§ **YOUR ASSIGNMENT**
Below is a listing. Write out exactly its lines between the one holding "Warts are small" and the one holding "Welcome home to", inclusive.

§ **EXCERPTED RECORDS**
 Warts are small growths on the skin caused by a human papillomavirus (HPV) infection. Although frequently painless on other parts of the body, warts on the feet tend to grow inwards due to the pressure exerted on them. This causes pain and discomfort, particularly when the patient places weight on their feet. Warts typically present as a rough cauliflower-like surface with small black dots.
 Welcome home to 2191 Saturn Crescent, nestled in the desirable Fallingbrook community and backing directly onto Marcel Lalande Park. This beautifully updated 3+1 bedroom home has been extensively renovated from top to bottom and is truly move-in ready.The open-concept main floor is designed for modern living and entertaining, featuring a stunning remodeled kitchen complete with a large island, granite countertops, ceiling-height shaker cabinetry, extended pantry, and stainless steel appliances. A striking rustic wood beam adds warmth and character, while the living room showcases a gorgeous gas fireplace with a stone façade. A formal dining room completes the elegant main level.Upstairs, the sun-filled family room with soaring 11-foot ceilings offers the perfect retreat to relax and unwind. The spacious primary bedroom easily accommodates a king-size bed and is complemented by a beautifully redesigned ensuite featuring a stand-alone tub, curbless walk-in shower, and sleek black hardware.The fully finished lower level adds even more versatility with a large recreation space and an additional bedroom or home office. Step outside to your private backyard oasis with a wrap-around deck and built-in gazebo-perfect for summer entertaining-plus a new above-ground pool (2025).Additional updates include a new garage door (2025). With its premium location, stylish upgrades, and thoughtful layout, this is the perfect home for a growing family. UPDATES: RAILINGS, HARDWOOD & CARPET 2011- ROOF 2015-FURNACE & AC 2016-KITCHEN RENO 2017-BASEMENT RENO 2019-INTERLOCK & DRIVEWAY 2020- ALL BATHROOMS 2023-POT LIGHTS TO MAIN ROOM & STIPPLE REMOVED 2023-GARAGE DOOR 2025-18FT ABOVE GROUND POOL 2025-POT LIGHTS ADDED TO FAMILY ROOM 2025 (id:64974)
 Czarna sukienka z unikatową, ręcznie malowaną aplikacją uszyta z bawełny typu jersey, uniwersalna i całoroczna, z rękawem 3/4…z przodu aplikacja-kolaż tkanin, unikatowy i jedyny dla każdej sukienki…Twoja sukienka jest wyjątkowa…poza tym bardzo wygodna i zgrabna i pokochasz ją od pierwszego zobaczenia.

==

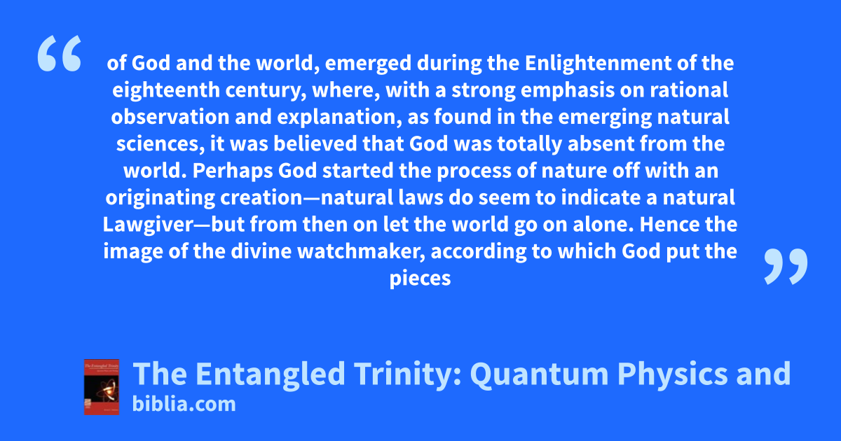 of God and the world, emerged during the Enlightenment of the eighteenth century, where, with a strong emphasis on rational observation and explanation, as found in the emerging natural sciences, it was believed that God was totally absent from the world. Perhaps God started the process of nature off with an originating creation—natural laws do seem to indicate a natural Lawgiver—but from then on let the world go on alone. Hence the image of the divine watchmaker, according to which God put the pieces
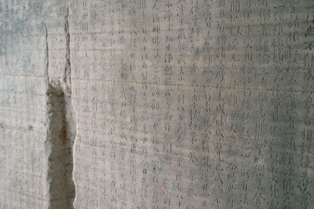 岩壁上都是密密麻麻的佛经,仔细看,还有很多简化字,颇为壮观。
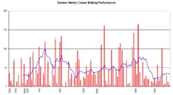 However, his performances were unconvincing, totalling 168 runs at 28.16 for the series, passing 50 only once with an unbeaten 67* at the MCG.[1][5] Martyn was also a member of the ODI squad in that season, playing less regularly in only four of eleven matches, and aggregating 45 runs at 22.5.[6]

§ **ANSWER**
 Warts are small growths on the skin caused by a human papillomavirus (HPV) infection. Although frequently painless on other parts of the body, warts on the feet tend to grow inwards due to the pressure exerted on them. This causes pain and discomfort, particularly when the patient places weight on their feet. Warts typically present as a rough cauliflower-like surface with small black dots.
 Welcome home to 2191 Saturn Crescent, nestled in the desirable Fallingbrook community and backing directly onto Marcel Lalande Park. This beautifully updated 3+1 bedroom home has been extensively renovated from top to bottom and is truly move-in ready.The open-concept main floor is designed for modern living and entertaining, featuring a stunning remodeled kitchen complete with a large island, granite countertops, ceiling-height shaker cabinetry, extended pantry, and stainless steel appliances. A striking rustic wood beam adds warmth and character, while the living room showcases a gorgeous gas fireplace with a stone façade. A formal dining room completes the elegant main level.Upstairs, the sun-filled family room with soaring 11-foot ceilings offers the perfect retreat to relax and unwind. The spacious primary bedroom easily accommodates a king-size bed and is complemented by a beautifully redesigned ensuite featuring a stand-alone tub, curbless walk-in shower, and sleek black hardware.The fully finished lower level adds even more versatility with a large recreation space and an additional bedroom or home office. Step outside to your private backyard oasis with a wrap-around deck and built-in gazebo-perfect for summer entertaining-plus a new above-ground pool (2025).Additional updates include a new garage door (2025). With its premium location, stylish upgrades, and thoughtful layout, this is the perfect home for a growing family. UPDATES: RAILINGS, HARDWOOD & CARPET 2011- ROOF 2015-FURNACE & AC 2016-KITCHEN RENO 2017-BASEMENT RENO 2019-INTERLOCK & DRIVEWAY 2020- ALL BATHROOMS 2023-POT LIGHTS TO MAIN ROOM & STIPPLE REMOVED 2023-GARAGE DOOR 2025-18FT ABOVE GROUND POOL 2025-POT LIGHTS ADDED TO FAMILY ROOM 2025 (id:64974)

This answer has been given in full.